Below are some records. Write out exactly their lines from the one with "dessinée par Janet, gravée" through the one with "AYSO Play! Sessions", and leave the pictures behind.

___ Data under study ___

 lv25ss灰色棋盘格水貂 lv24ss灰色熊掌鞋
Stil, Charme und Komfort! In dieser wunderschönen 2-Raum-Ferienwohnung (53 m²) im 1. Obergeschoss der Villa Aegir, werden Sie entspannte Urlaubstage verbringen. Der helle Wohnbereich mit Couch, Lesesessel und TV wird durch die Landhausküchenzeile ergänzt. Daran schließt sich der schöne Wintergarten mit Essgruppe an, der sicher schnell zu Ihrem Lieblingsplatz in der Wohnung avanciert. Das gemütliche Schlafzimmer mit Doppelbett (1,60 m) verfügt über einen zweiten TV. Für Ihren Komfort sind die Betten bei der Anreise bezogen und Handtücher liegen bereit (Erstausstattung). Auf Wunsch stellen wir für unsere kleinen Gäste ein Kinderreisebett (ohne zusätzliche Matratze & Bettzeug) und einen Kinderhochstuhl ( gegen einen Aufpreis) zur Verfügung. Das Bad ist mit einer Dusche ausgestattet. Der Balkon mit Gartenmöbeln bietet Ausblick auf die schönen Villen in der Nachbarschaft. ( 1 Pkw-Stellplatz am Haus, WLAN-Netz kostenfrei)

___
___ Data under study ___

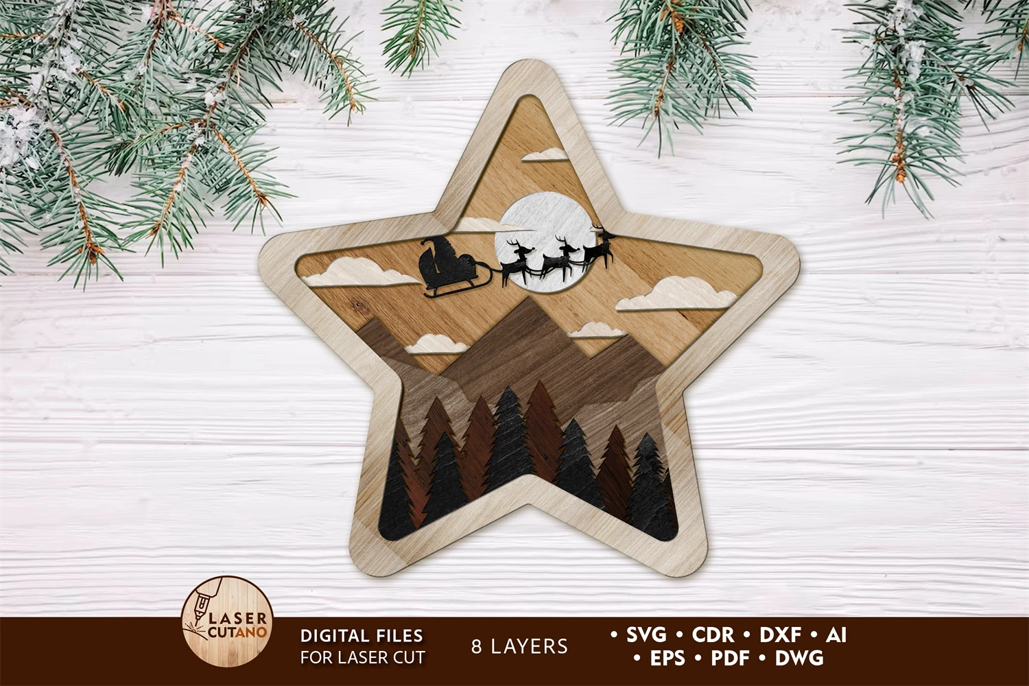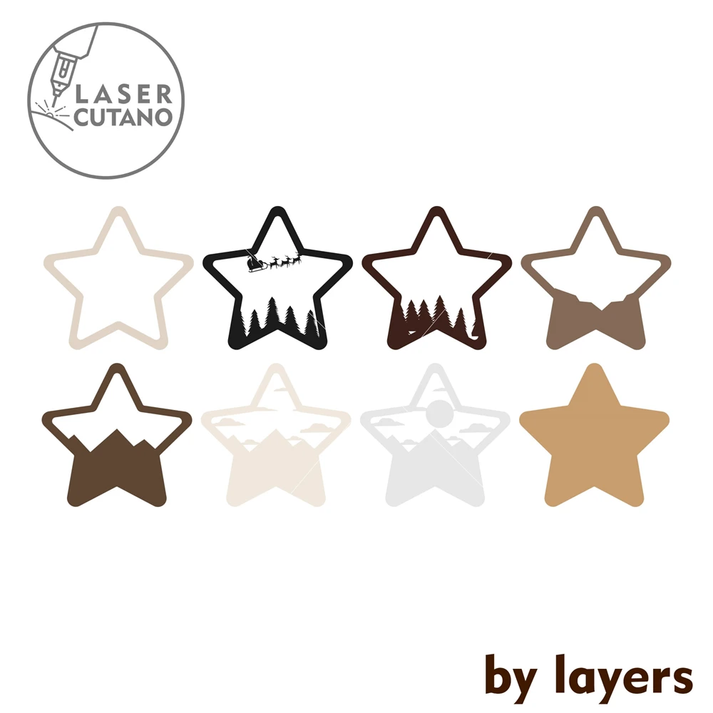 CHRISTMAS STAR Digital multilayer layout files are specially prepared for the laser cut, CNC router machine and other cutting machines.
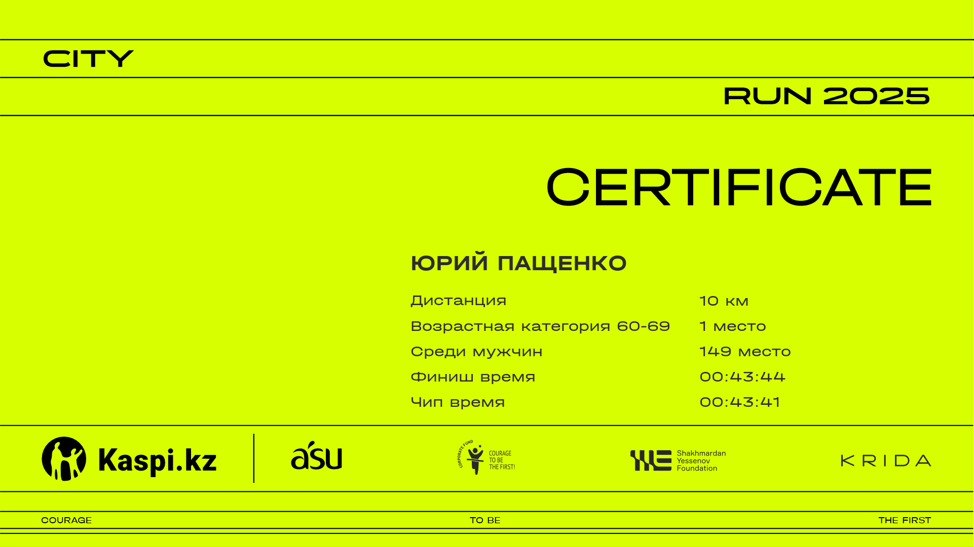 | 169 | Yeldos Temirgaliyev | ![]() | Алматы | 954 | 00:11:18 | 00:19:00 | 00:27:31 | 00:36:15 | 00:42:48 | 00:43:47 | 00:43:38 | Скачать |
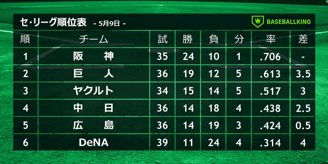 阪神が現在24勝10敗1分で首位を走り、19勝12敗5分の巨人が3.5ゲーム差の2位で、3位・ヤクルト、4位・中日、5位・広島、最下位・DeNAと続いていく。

___
___ Data under study ___

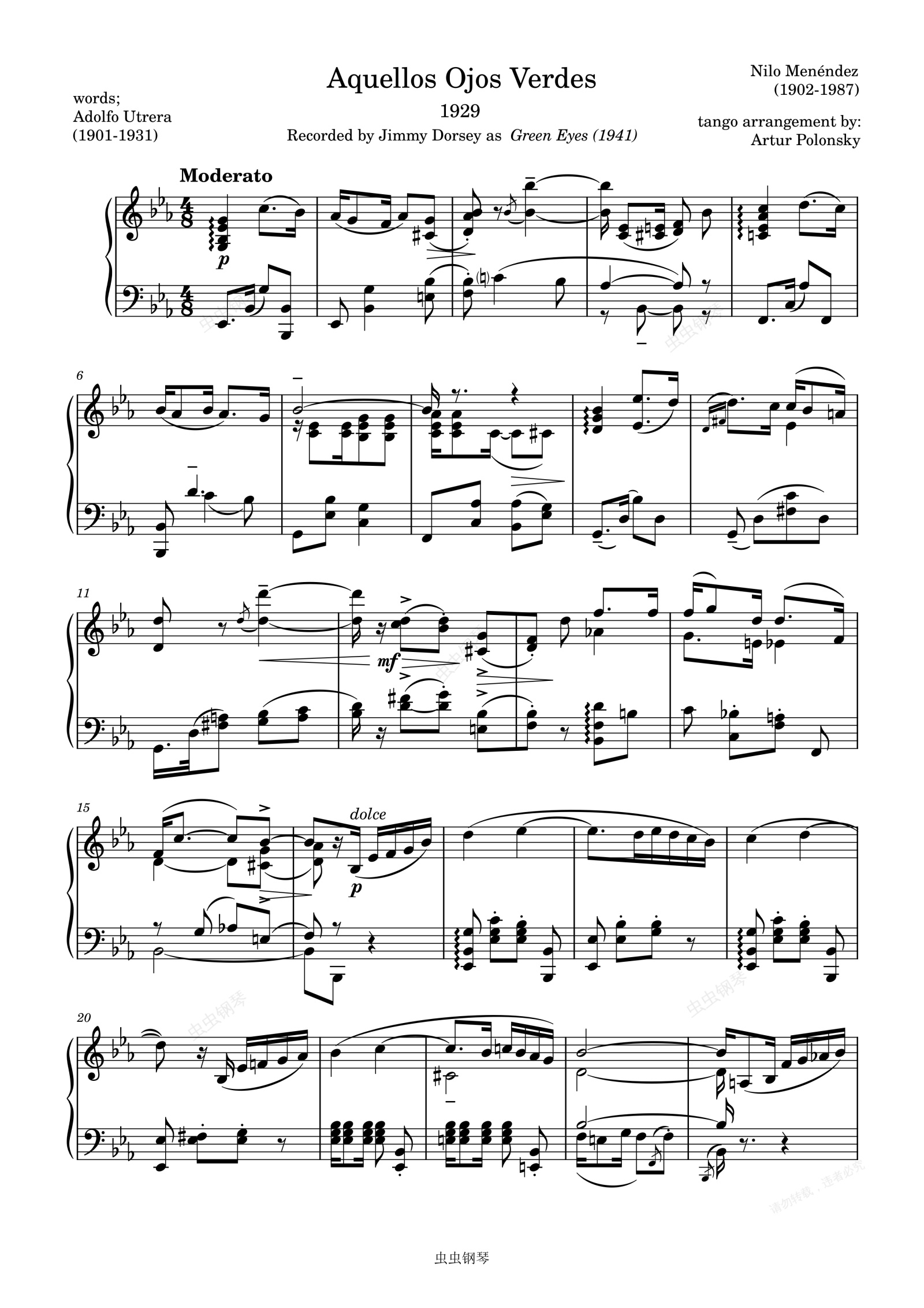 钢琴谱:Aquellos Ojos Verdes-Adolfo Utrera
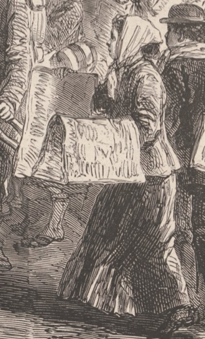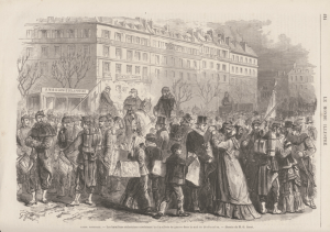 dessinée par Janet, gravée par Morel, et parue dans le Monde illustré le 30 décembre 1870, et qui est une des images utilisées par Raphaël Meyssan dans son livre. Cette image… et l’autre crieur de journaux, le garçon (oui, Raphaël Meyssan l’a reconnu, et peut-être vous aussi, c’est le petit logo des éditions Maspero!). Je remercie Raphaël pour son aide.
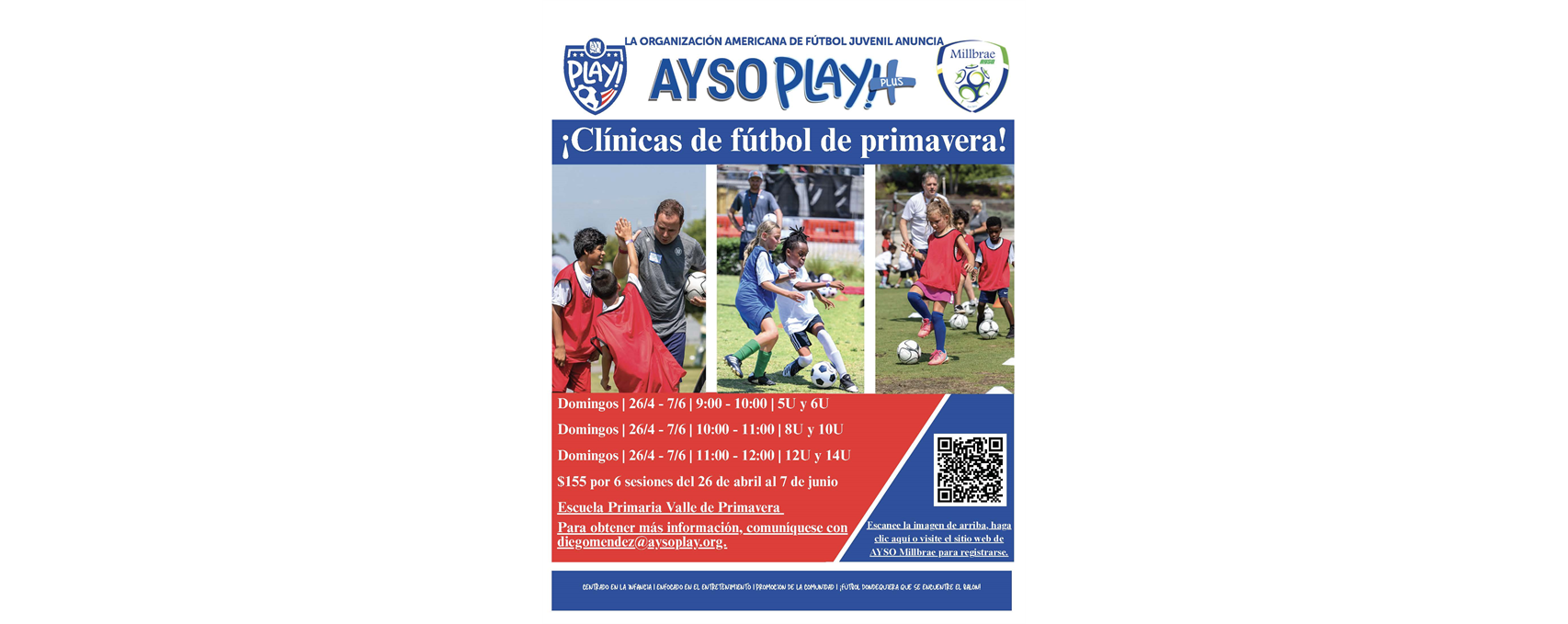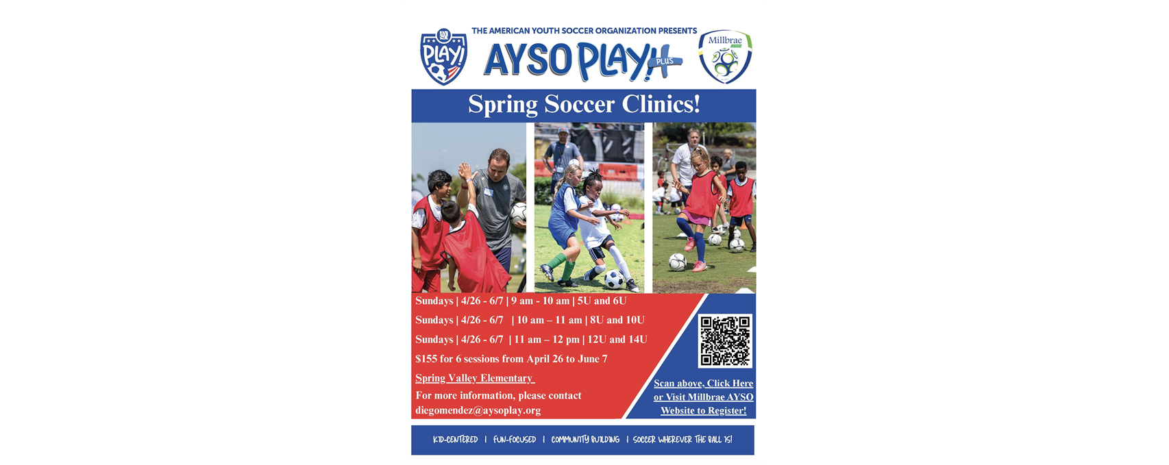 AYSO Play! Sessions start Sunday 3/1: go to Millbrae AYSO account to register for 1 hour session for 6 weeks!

___

Answer below
 dessinée par Janet, gravée par Morel, et parue dans le Monde illustré le 30 décembre 1870, et qui est une des images utilisées par Raphaël Meyssan dans son livre. Cette image… et l’autre crieur de journaux, le garçon (oui, Raphaël Meyssan l’a reconnu, et peut-être vous aussi, c’est le petit logo des éditions Maspero!). Je remercie Raphaël pour son aide.
 AYSO Play! Sessions start Sunday 3/1: go to Millbrae AYSO account to register for 1 hour session for 6 weeks!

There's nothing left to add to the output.